Альбина не стала задерживаться в тесной прихожей. Не разуваясь, она шагнула в гостиную – и уткнулась взглядом в Евгения Фёдоровича. Фотография в позолоченной рамке стояла на книжной полке. Полки, одна под другой, шли лесенкой от потолка до пола. За стеклом теснились книги, а сверху стояли фотографии, вазочки и плюшевые игрушки. Дядя Женя выглядел молодым и свободным без пиджака и в рубашке с расстёгнутым воротом. Вокруг него кустилась сирень. Одну из веток он притянул к себе и, зажмурившись, вдыхал аромат.

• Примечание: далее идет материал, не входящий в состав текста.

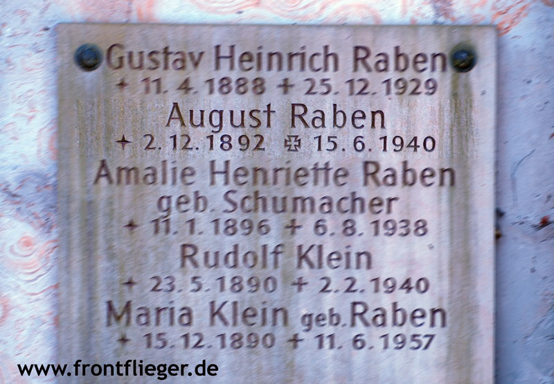 Er wurde in Törning bei Hadersleben (heute Taarningaad in Dänemark) geboren. Raben besuchte zeitweise die Oberrealschule in Oldesloe (seine Familie war in Hamburg ansässig). Im Weltkrieg war er Schutz- und Jagdflieger, Angehöriger der Jasta 36, Jasta 39 - Führer der Jasta 15 und später der Jasta 18, der 'Raben-Staffel'. Flugzeuge seiner Staffel trugen 'Raben' als Abzeichen (Beispiel: Günther von Büren). -- Zwischen den Kriegen war er Mitarbeiter der 'Afrikanischen Frucht-Compagnie AG' und wohl einige Zeit in Kamerun ansässig. -- Er fiel als Major und Bataillonskommandeur - vermutlich - bei den Kämpfen um die Maginot-Linie in Frankreich. Auf dem Ohlsdorfer Friedhof in Hamburg ist sein Name auf dem Familiengrab vermerkt. |

– Откуда у вас фото Евгения Фёдоровича? – ледяным тоном спросила Альбина.
Любовь Тимофеевна тоже зашла в комнату и начала было что-то отвечать возмущённым голосом, но, внимательней вглядевшись в непрошеную гостью, вскрикнула, прижав ладони к лицу:
– Ой, как же это! Вы не должны были! Не так должны были!
Женщина попятилась в прихожую и там повалилась на пуф. Её лицо побелело.

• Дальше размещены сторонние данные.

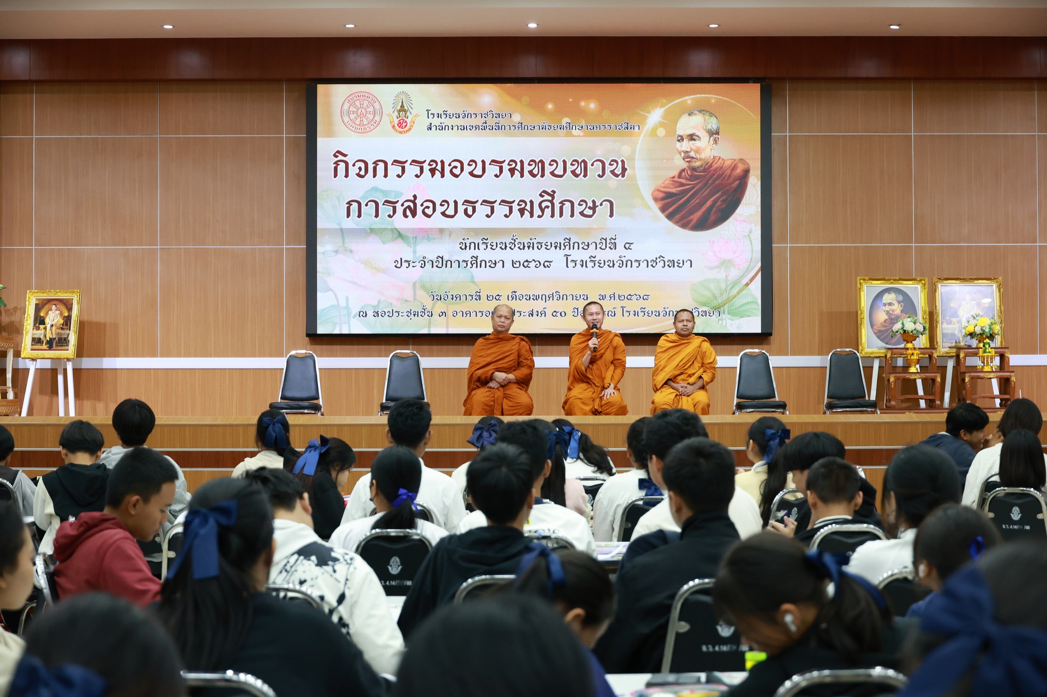 วันที่ 25 พฤศจิกายน พ.ศ. 2568 โรงเรียนจักราชวิทยา จัดกิจกรรมอบรมทบทวนการสอบธรรมศึกษา สำหรับนักเรียนระดับชั้นมัธยมศึกษาปีที่ 4 ประจำปีการศึกษา 2568 โดยได้รับเกียรติจาก ดร.ศราวุธ ศรีหาบุญทัน ผู้อำนวยการโรงเรียนจักราชวิทยา เป็นประธานในพิธีเปิด พร้อมด้วย รองผู้อำนวยการโรงเรียน คณะครู และนักเรียนเข้าร่วมอย่างพร้อมเพรียง กิจกรรมครั้งนี้ได้รับความเมตตาจาก พระครูพิจิตรธรรมปุคุณ รักษาการเจ้าคณะอำเภอพิมาย มาเป็นวิทยากรให้ความรู้ด้านธรรมศึกษา เพื่อเตรียมความพร้อมในการสอบธรรมสนามหลวง ตลอดจนปลูกฝังคุณธรรม จริยธรรม ค่านิยมที่พึงประสงค์ ส่งเสริมการแสวงหาความรู้ด้วยตนเอง และสามารถพัฒนาตนเองได้อย่างต่อเนื่อง ณ หอประชุมชั้น 3 อาคารอเนกประสงค์ 50 ปี อนุสรณ์ โรงเรียนจักราชวิทยา อำเภอจักราช จังหวัดนครราชสีมา

– Только не надо устраивать сцен! – прошипела Альбина.
Она влетела в кухню, налила воды и вернулась со стаканом.
– Пейте, ну!
Пока Любовь Тимофеевна пыталась сделать хотя бы пару глотков и не облиться, Альбина с неприязнью её разглядывала. Она терпеть не могла такой тип женщин, называла их девочками пенсионного возраста. К чему эта коса, обмотанная вокруг головы? К чему это платье с кружевными рюшечками? Ещё и белые носочки. В её-то возрасте! Феерично! Фигура, может быть, и неплохо сохранилась, но лицо и руки…
– Повторяю вопрос. Откуда у вас фото моего свёкра?
Любовь Тимофеевна наконец-то совладала с собой, встала и робко улыбнулась. Машинально разгладив складки синего шёлкового платья в горошек, она сказала:
– Ну что же, значит, время пришло. Судьба решила всё за меня. Понимаете, я давно собиралась выйти на связь с кем-то из вас – и не находила ни капли храбрости. Это выше моих сил! – Женщина заломила руки, сцепив пальцы. – Я не верю своим глазам! Альбиночка здесь, в моём доме!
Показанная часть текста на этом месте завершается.